The last time I had sex with my former partner, I thought of her… I thought of the way she had spoken to me that day when we began interacting more. Her aura and mine moved together quicker than she and I did. That made me shake in ways I hadn’t before and he absolutely knew that I wasn’t shaking for him. That prompted our break-up argument. He went his way, and I went my way. Five years of stability, are gone. I felt free and ready to figure out who the hell this woman was. However, I saw some behavior from her that I didn’t like. I felt like she was hard on me without getting to know me. It made me rough on her. But my attraction and curiosity about her were stronger which made me cave. I wanted to know everything about her. She became my favorite book without even reading the story.
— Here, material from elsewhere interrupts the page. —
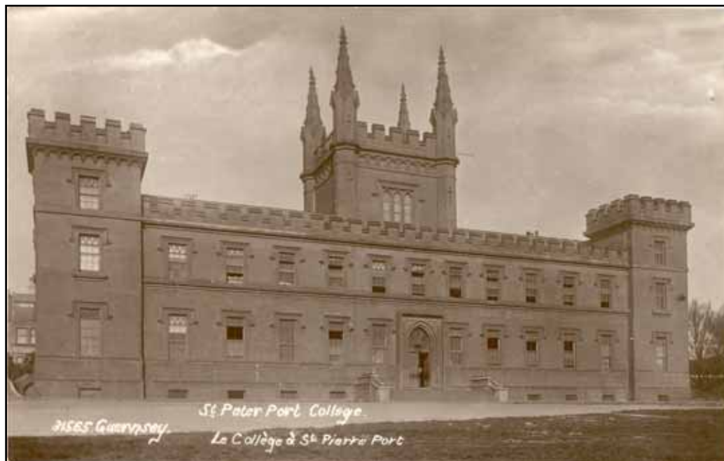
Elizabeth College. Early 20th century.

Terms for board, exclusively, 11 l. 11 s. per quarter.

I asked her what made her vulnerable and her answer is what made me feel deeper intrigue. She struggled with softness and I wanted to softly take care of her. Softly brush her hair, softly kiss her, softly hug her, softly argue with her, softly make love to her. I wanted to give her so much softness but the softness makes her withdraw at times. Withdrawal from one another is hard to deal with when you want this person as much as I wanted her. I wanted her in every way possible. I wanted her and all her levels of intimacy. I want her on the good days, on the days she can’t move from the bed, on the days she can’t stand the world, I want her when she’s mad, I want her when she’s happy. I simply and softly want her. I feel you.

Her. Such a simple pronoun but with thoughts attached to a woman who has never been mine and I have never been hers. I was told that love feels like the feeling after you eat your favorite meal. The love I have developed for a woman who refuses to be vulnerable looks like a lot of things. But the love I feel for her cannot be compared to a favorite meal, a favorite smell, or a favorite memory. My love and likeness towards her look like liberation, freedom and pleasure. Her love is liberating. Her heart is full of freedom. Her hands are full of pleasure that transitions into love. Her hands are very good at love and pleasure. I thank God for those hands because they have made me cry tears of pure body-shocking pleasure. I am very connected to my body therefore I know how good our pleasure feels. This woman who became the Juliet to my Romeo [we also are very much star-crossed lovers, I believe it, right person just at the wrong time] gave me a softness that I have never felt before. Her softness was safe, her softness was warm. But her softness was seasonal. I taste you.

Her lack of vulnerability was always at the front line and that is hard. Not talking, choosing to hide feelings, denial, and frustration is hard. Staying up at night wondering if our fuse will fizzle out is hard. Watching her love someone else is hard. Watching her in front of me and not being able to claim the smile that I fell for when I landed my eyes on her is hard. Not being able to tell her how I really feel is hard. Watching her inner child fight with her adult self is hard. Watching her eyes gloomy when she’s hurt is hard. When she hurts, she reverts back to being a little girl. Her eyes look like those of an innocent child being scolded which reminds me how she is a half-liberated woman. I hear you.
Why half liberated? Because she only pinpoints her arousal in her hands, not the rest of her body. Half liberated because she is trapped in a cycle of mistrust and self-abuse. Half liberated because a liberated woman allows herself to feel unapologetic. Half liberated because her inner conflicts are on liberating herself and her desires yet thinking about the importance of commonality and monotony. Both things are not hers. I recognize a half-liberated woman because I am a half-liberated woman. The chained part of her screams for softness, vulnerability, and understanding. I am the one searching for the key while she covers my eyes in the process, making it that much harder. This leaves me with the question, “how do we become fully liberated?”.